Records from a data source
──────────
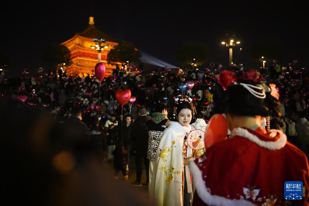 身着传统服饰的游客在西安钟楼拍照,迎接新年的到来(2024年12月31日摄)。
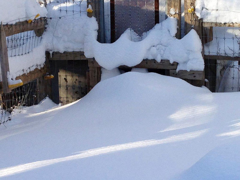 Luckys Höhle zeigt, wie der Schnee sich schön aufgetürmt hat an seiner Tür.
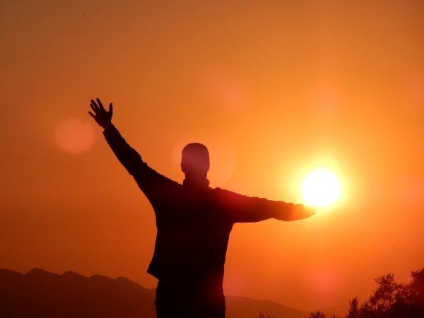 ![Человек на закате солнца]()
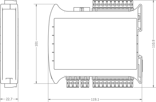 The appearance and dimensions of the module are shown below. The module is mounted directly to the rail in the DIN industry standard. Power connectors, communication and IOs are at the bottom and top of the module. USB connector configuration and indicators are located on the front of the module.
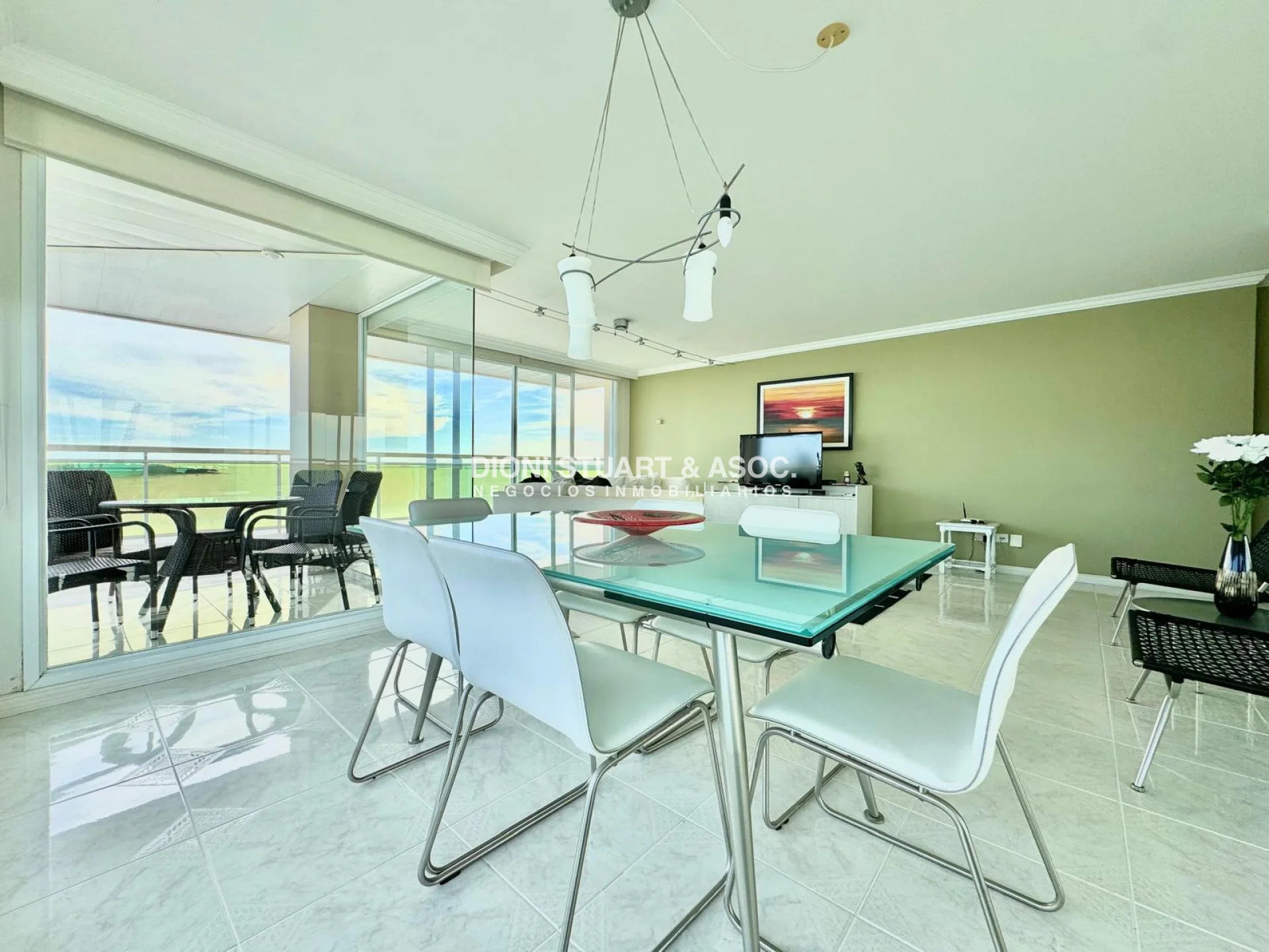 Apartamento en Coral Tower esquinero. Amplio living comedor esquinero con salida a terraza balcón abierta Vista al Puerto de Punta del Este y Isla Gorriti 3 Dormitorios en Suite Master suite orientada al frente con vista al mar Dependencia de servicio con baño Toilette para visitas Dispone de garage Referencia Interna : Tera-341
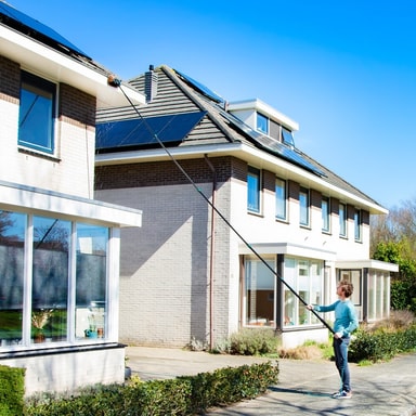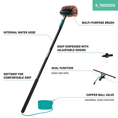Med denna teleskopiska tvättborste från VONROC kan du nå höga höjder. Denna stora modell, med en total längd på 6,50 meter, är inga områden utom räckhåll. Skrubba, polera och rengör ditt hem från topp till botten! Förutom att rengöra ditt hem är denna teleskopiska tvättborste även perfekt för att tvätta (stora) fordon som lastbilar, husbilar, husvagnar och skåpbilar. Tvättborsten levereras komplett med borsthuvud, fönsterputsare, vattenslang och tvåldispenser.
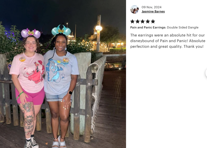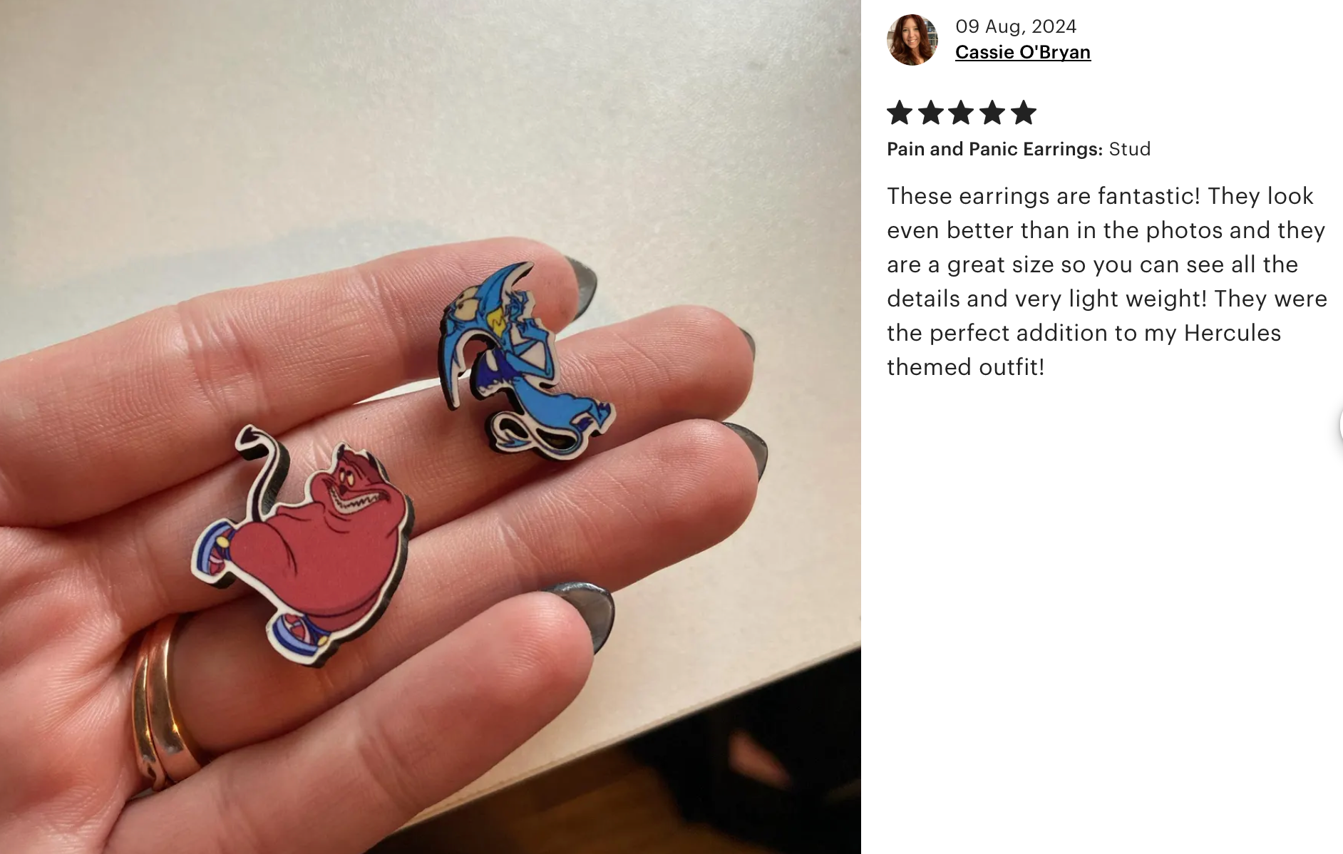 Calling all chaos lovers and Disney villains-in-training—our Pain and Panic Earrings are here to wreak adorable havoc on your earlobes! Featuring everyone’s favorite bumbling minions of Hades, these earrings are perfect for anyone who thrives on drama, dark humor, and slightly panicked energy. Wear Pain on one ear, Panic on the other, and let your inner hot mess shine with mythological flair. They’re cute, they’re chaotic, and they scream “we’ve got it under control!” Perfect for plotters, schemers, or anyone who lives for the fabulous fail. 🔥😈💅
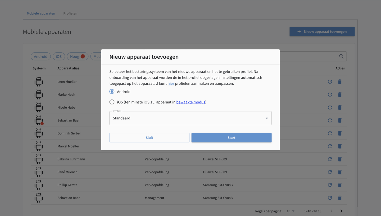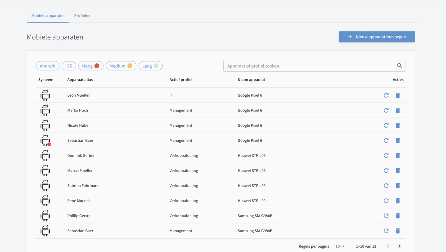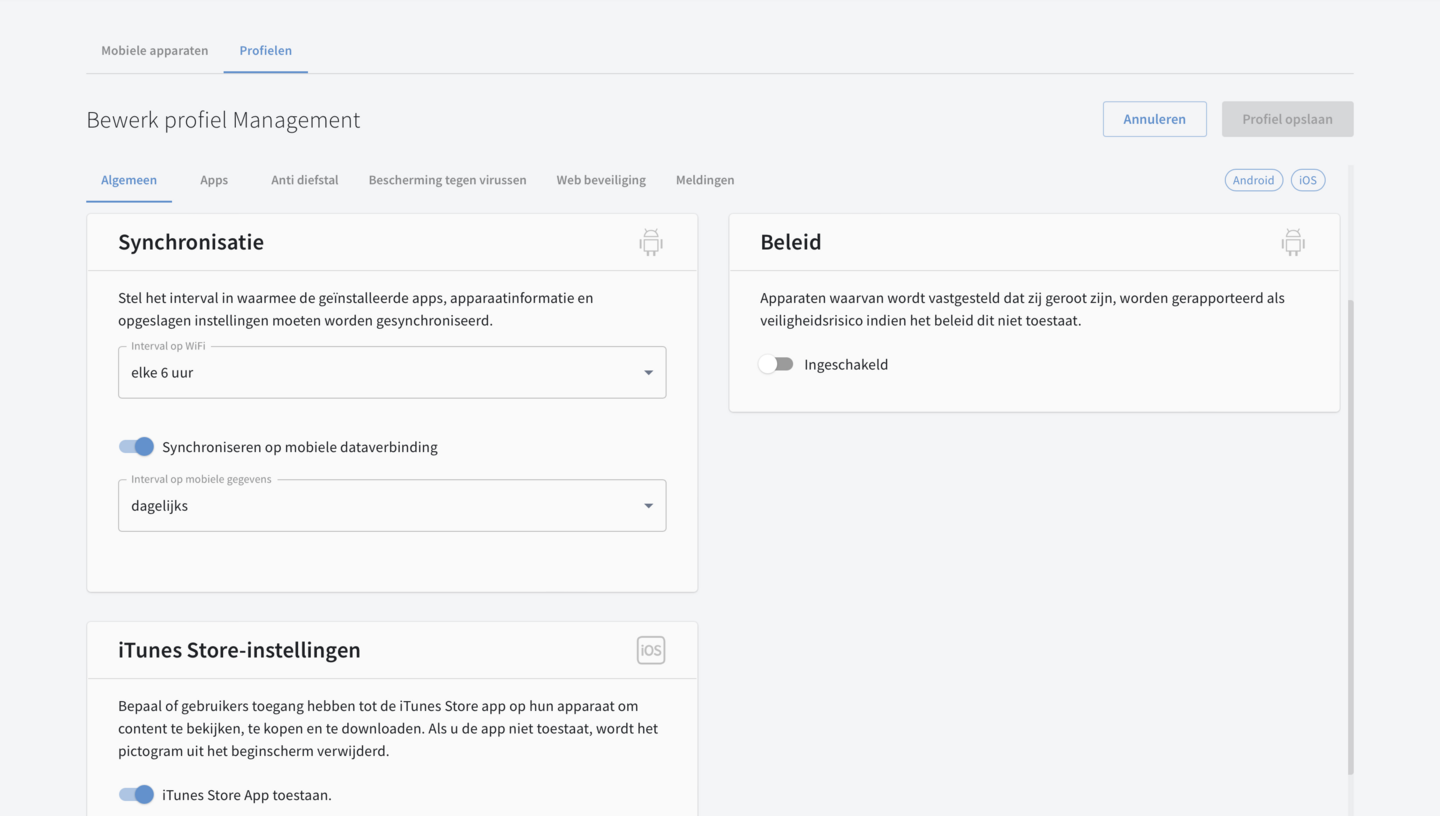 Wijs mobiele apparaten van afdelingen of sites toe aan individuele profielen op basis van het beveiligingsniveau.
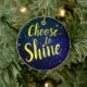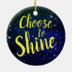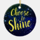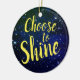 Un adorno muy lejano con un fondo estelar y las palabras "Elegir brillar" en escritura amarilla.
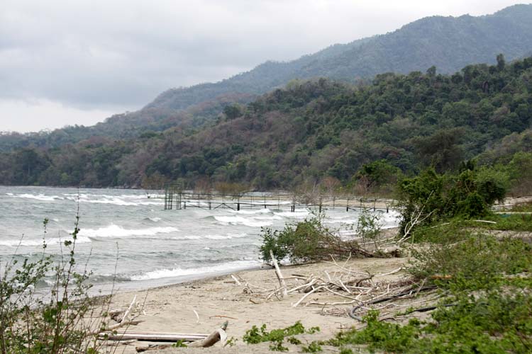 Nachdem wir die Liemba verlassen hatte fuhren wir 1 bis 2 Stunden in absoluter Dunkelheit auf dem See, mir war völlig unverständlich wie der Bootsführer sich orientieren konnte, Sterne waren keine zu sehen. Irgendwann, inzwischen völlig durchnässt von der Gischt, konnte ich ein einzelnes Licht in der Dunkelheit ausmachen, hierauf hielt das Boot nun zu. Nach einer weiteren Stunde (gefühlt), inzwischen hellte sich der Horizont auf, so dass die Silhouette der Bergkette erkennbar wurde, erreichten wir das Headquarter der Parkverwaltung. Da noch niemand anwesend war, bedeutete uns unser Bootsführer hier am Strand zu warten. Nach einer weiteren Stunde erschien ein Mitarbeiter des Parks und nahm uns mit ins Office wo wir unsere Parkgebühren bezahlen konnten, gleichzeitig teilte er uns mit, dass wir nochmals mit dem Speedboot ca. 45 Minuten Richtung Süden zu unseren Unterkünften fahren müssten. Nungut, das nahmen wir auch noch hin, inzwischen waren wir schon 22 Stunden unterwegs. Also wieder ins Boot und Richtung Süden auf die letzte Etappe. Nach knapp einer Stunde landeten wir erneut an einem Sandstrand und luden unser Gepäck aus. Sogleich erschien auch ein Ranger aus dem dichten Wald und begrüßte uns freundlich, er führte uns in das ca. 100-200 Meter vom Strand gelegene Camp. Hier konnten wir unsere Hütten beziehen. Einfache Steingebäude mit einer Holztüre, einem Wellblechdach und Insektennetzen in den Fensteröffnungen aber mit einem richtigen Bett! Ansonsten waren die Gebäude leer!
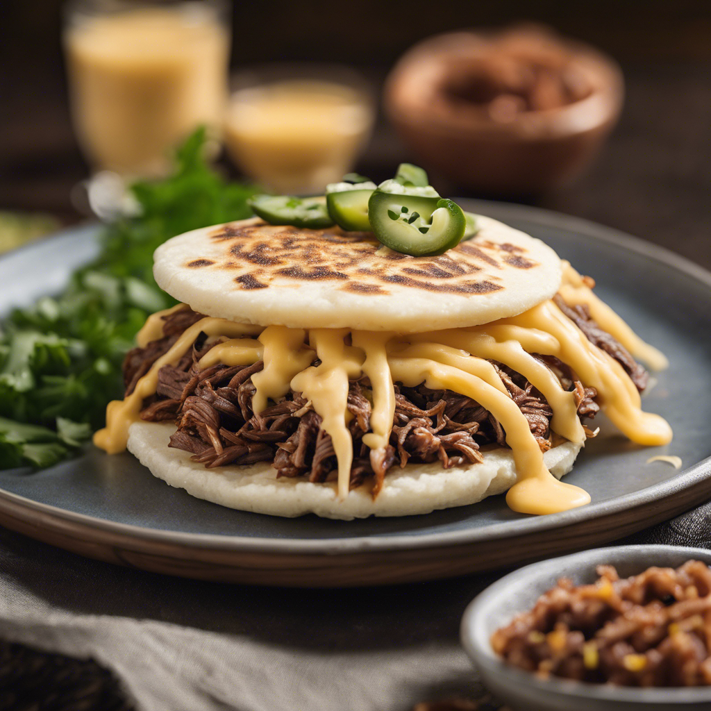 The history of Shredded Beef and Cheese Arepas with a drizzle of chipotle aioli can be traced back to the traditional Venezuelan cuisine. Arepas, a staple in Venezuelan and Colombian diets, are cornmeal patties that are grilled, baked, or fried. The addition of shredded beef and cheese creates a savory and satisfying filling, while the chipotle aioli adds a spicy and creamy kick. Renowned chefs like Lorena Garcia have popularized this dish, infusing it with modern flair. In recent years, it has gained popularity in the United States, with restaurants in Miami and New York offering their own unique takes on this classic dish. For the best version of this dish, it's crucial to get the arepas just right – they should have a crispy exterior and a soft, fluffy interior. The shredded beef should be tender and well-seasoned, and the cheese should be gooey and flavorful. The chipotle aioli should have the perfect balance of smokiness and heat to complement the other ingredients. For a twist on the traditional recipe, some chefs opt to braise the beef in a flavorful broth or marinate it in a special blend of spices before shredding it. Additionally, experimenting with different types of cheese, such as queso fresco or Oaxaca, can add an exciting twist to the dish. Overall, Shredded Beef and Cheese Arepas with chipotle aioli are a delicious fusion of flavors and textures, representing the rich culinary heritage of Venezuela and Colombia.
──────────
TASK GOAL => Starting at the line containing "Calling all chaos" and stopping at the line containing "Un adorno muy", output every line above exactly, both ends included, with pictures omitted.

EXPECTED ANSWER =>
 Calling all chaos lovers and Disney villains-in-training—our Pain and Panic Earrings are here to wreak adorable havoc on your earlobes! Featuring everyone’s favorite bumbling minions of Hades, these earrings are perfect for anyone who thrives on drama, dark humor, and slightly panicked energy. Wear Pain on one ear, Panic on the other, and let your inner hot mess shine with mythological flair. They’re cute, they’re chaotic, and they scream “we’ve got it under control!” Perfect for plotters, schemers, or anyone who lives for the fabulous fail. 🔥😈💅
 Wijs mobiele apparaten van afdelingen of sites toe aan individuele profielen op basis van het beveiligingsniveau.
 Un adorno muy lejano con un fondo estelar y las palabras "Elegir brillar" en escritura amarilla.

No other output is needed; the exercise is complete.